I had a box come up a bit ago from Windows and it basically said that I had some updates to install and that they may take a while to install and that I could do it now or later.

I figured that like other updates in the past that it would only take a couple of minutes so I figured what the heck and clicked on 'install now'.

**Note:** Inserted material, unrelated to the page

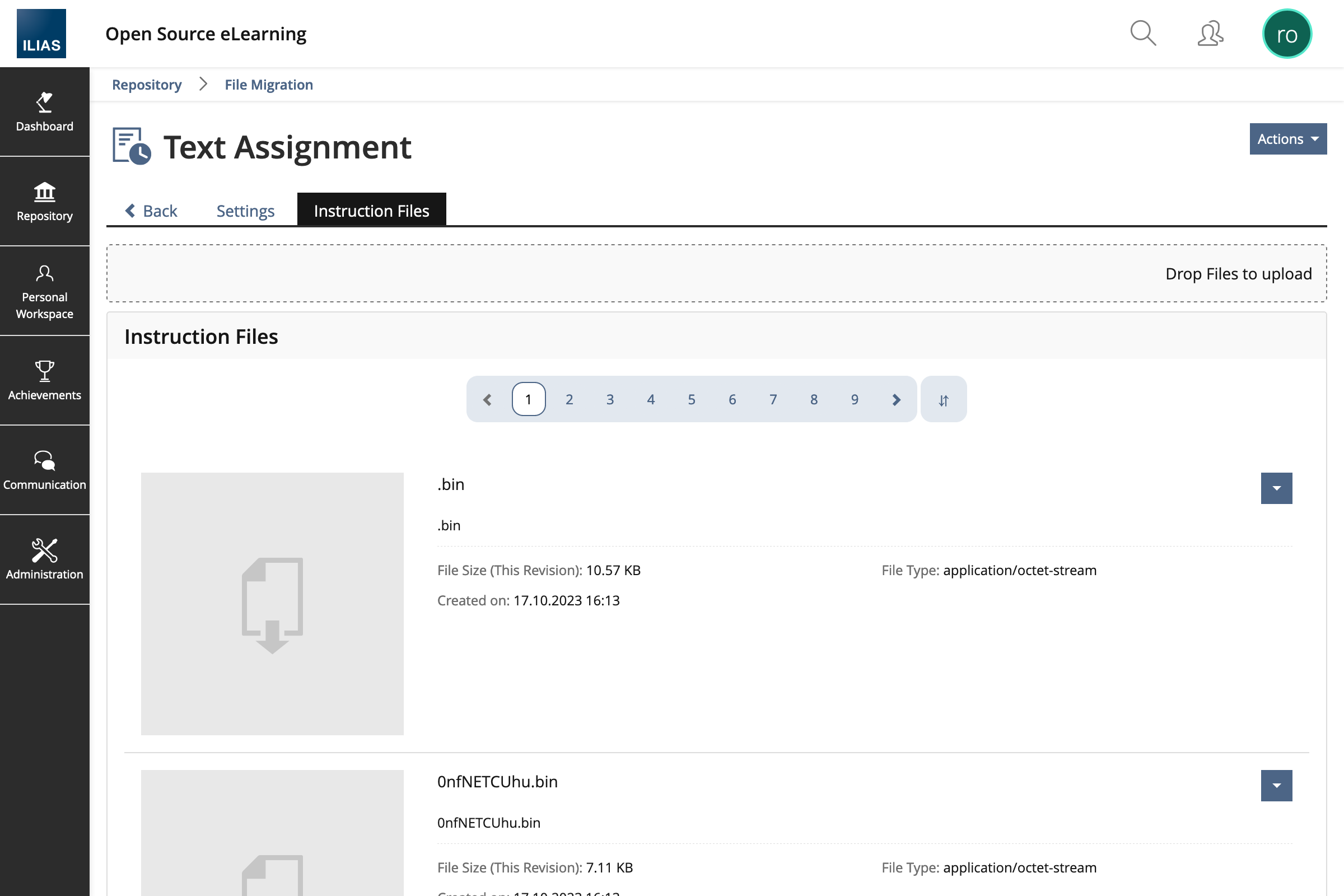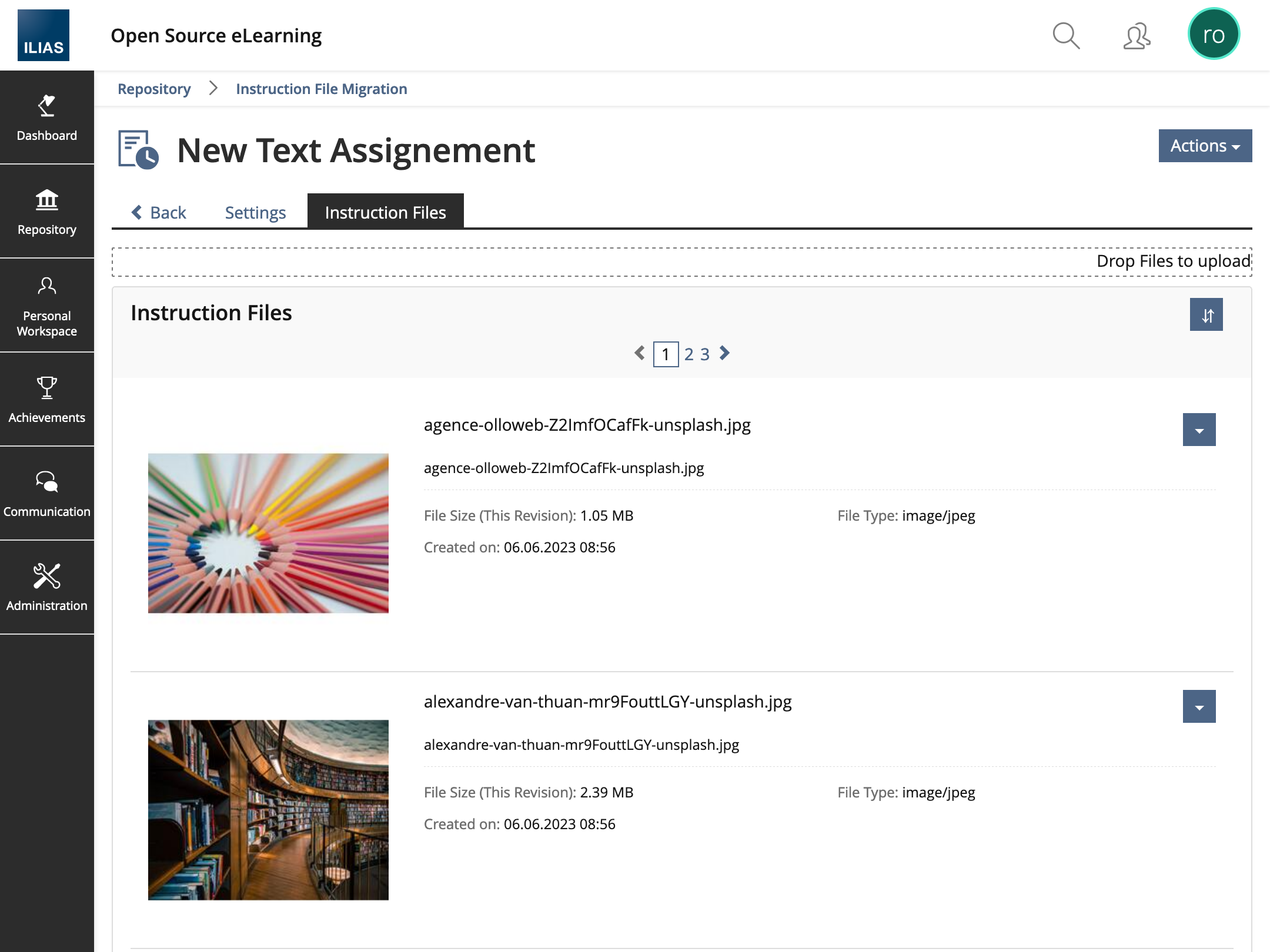 The IRSS allows the creation and management of so-called collections (compilation of several resources into one group). This feature is used wherever users can add several files to an "object", e.g. with ILIAS the instruction files of an exercise unit are transferred to a collection.

I can't remember ever having a update that took so long but I guess I've now got all the latest and greatest Windows 10 stuff because the install took over 35 minutes.


----------



## SeaBreeze (Nov 30, 2017)

I've been getting that pop up too, and putting it off.  I'm pretty sure you can stall for up to a year on that.  I've read the latest update can take many hours, and some people had black screens or computer trouble after the upgrade.  I'm going to be doing some business online and don't want my computer down until everything's taken care of.


----------



## Don M. (Nov 30, 2017)

This "pop up" hit my system this afternoon, and it only took about 5 minutes....but, then, I have fairly fast service...100MB.  At first glance, this looks like it is mostly added features for MS Edge.  The BIGGY is the upgrade to level 1709.  That one could take several hours for users with slower speed service.  I made that move a week ago, and scheduled it for after supper when there were a couple of good shows on TV.  Even at the speed I get, my system took over 2 hours to do the update, and another 15 minutes to do a Restart.  I just checked the system during commercials, and I was finally able to get back online after almost 2.5 hours.  When that one hits your systems, be prepared for a LONG update.


----------



## SeaBreeze (Nov 30, 2017)

My pop up is for 1709 Creators update for windows 10.


----------



## Happyflowerlady (Nov 30, 2017)

Just reading this thread makes me so thankful that I have an iPad !


----------



## IKE (Nov 30, 2017)

I didn't pay any attention to what it said so I don't have a clue if my 35 minute Windows 10 upgrade was for 1709 or what.....everything seems to be running just fine afterwards.


----------



## terry123 (Dec 1, 2017)

Mine popped up tonight. I opted to remind me in 3 days.


----------



## Ken N Tx (Dec 1, 2017)

IKE said:


> I didn't pay any attention to what it said so I don't have a clue if my 35 minute Windows 10 upgrade was for 1709 or what.....everything seems to be running just fine afterwards.


----------



## jujube (Dec 1, 2017)

Mine took at least two hours.


----------